The Gospel for Christians

Exodus 32:11-14 God relents from judgment

Exodus 32:11–14 (ESV)

11 But Moses implored the Lord his God and said, “O Lord, why does your wrath burn hot against your people, whom you have brought out of the land of Egypt with great power and with a mighty hand? 12 Why should the Egyptians say, ‘With evil intent did he bring them out, to kill them in the mountains and to consume them from the face of the earth’? Turn from your burning anger and relent from this disaster against your people. 13 Remember Abraham, Isaac, and Israel, your servants, to whom you swore by your own self, and said to them, ‘I will multiply your offspring as the stars of heaven, and all this land that I have promised I will give to your offspring, and they shall inherit it forever.’ ” 14 And the Lord relented from the disaster that he had spoken of bringing on his people.

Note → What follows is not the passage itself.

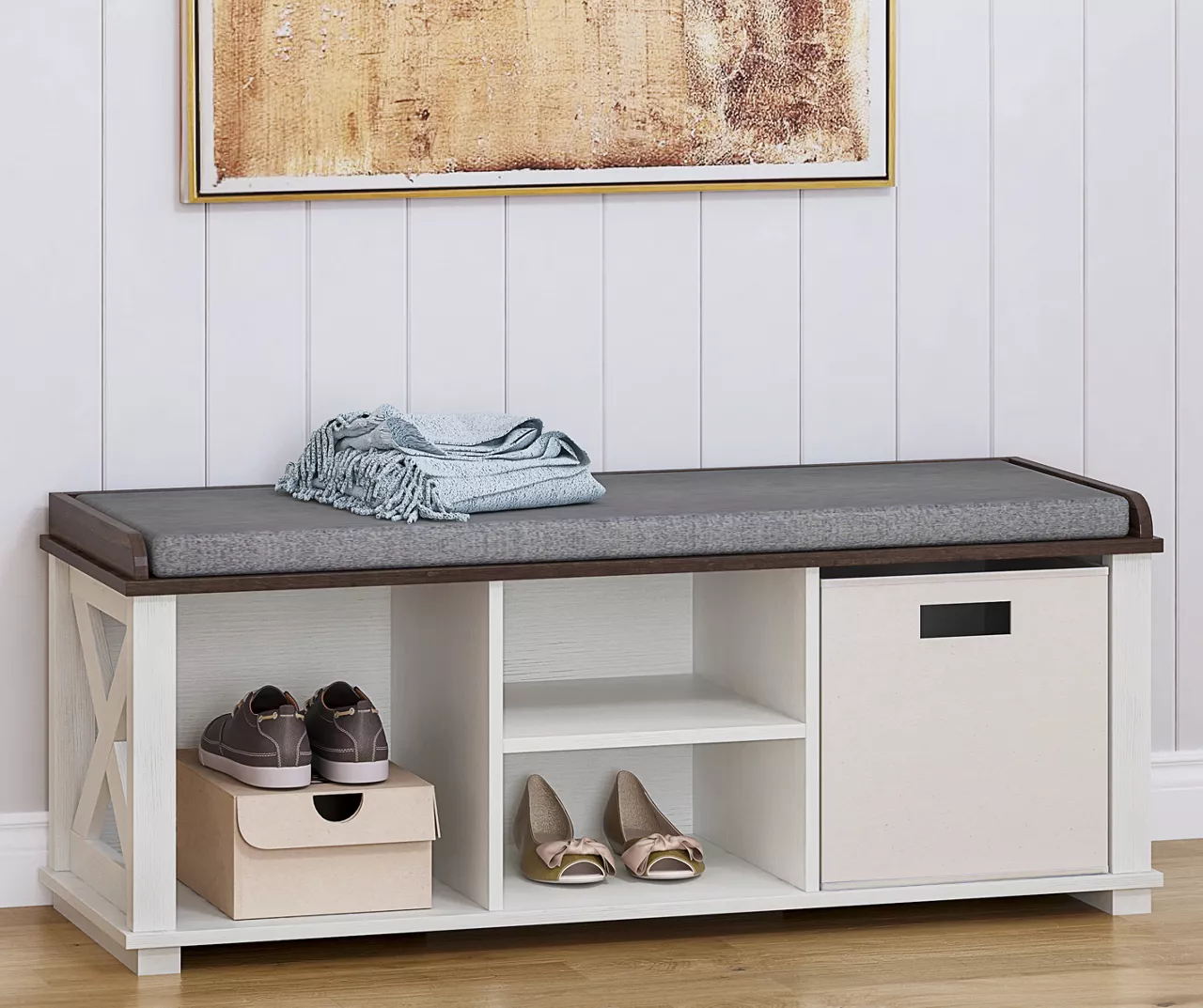 Bring convenience and storage to an entryway, foyer or mudroom with the Stratford bench. It features a farmhouse-meets-modern design with a two-tone white base and a dark brown finish top. Lower cubbies and shelving offer a place to store shoes and accessories as you sit on the cushioned gray seat on your way out the door.

This is a very important passage for understanding the way we come to God in prayer.  Moses is interceding for the people of Israel by *reminding* God of his covenant with the forefathers.  But God had not forgotten this covenant, nor did he need Moses to remind him.  Moses is not reprimanding God, but rather appealing to him on the basis of his word.

So when the Lord “relents from the disaster that he had spoken of bringing on his people” the result is exactly what God had intended all along.  He knew that he was not going to destroy them, and the gracious intervention of Moses is in accordance with God’s perfect plan.

However, in a way that I cannot fully explain, it is important to realize that God does not make idle threats.  His wrath against them was real and he could have consumed them were it not for Moses’ intercession.  God’s sovereignty is great enough and profound enough to include the apparent paradox between declaring his judgement against the Israelites, while knowing that he will use Moses’ intercession to save the people from that judgment.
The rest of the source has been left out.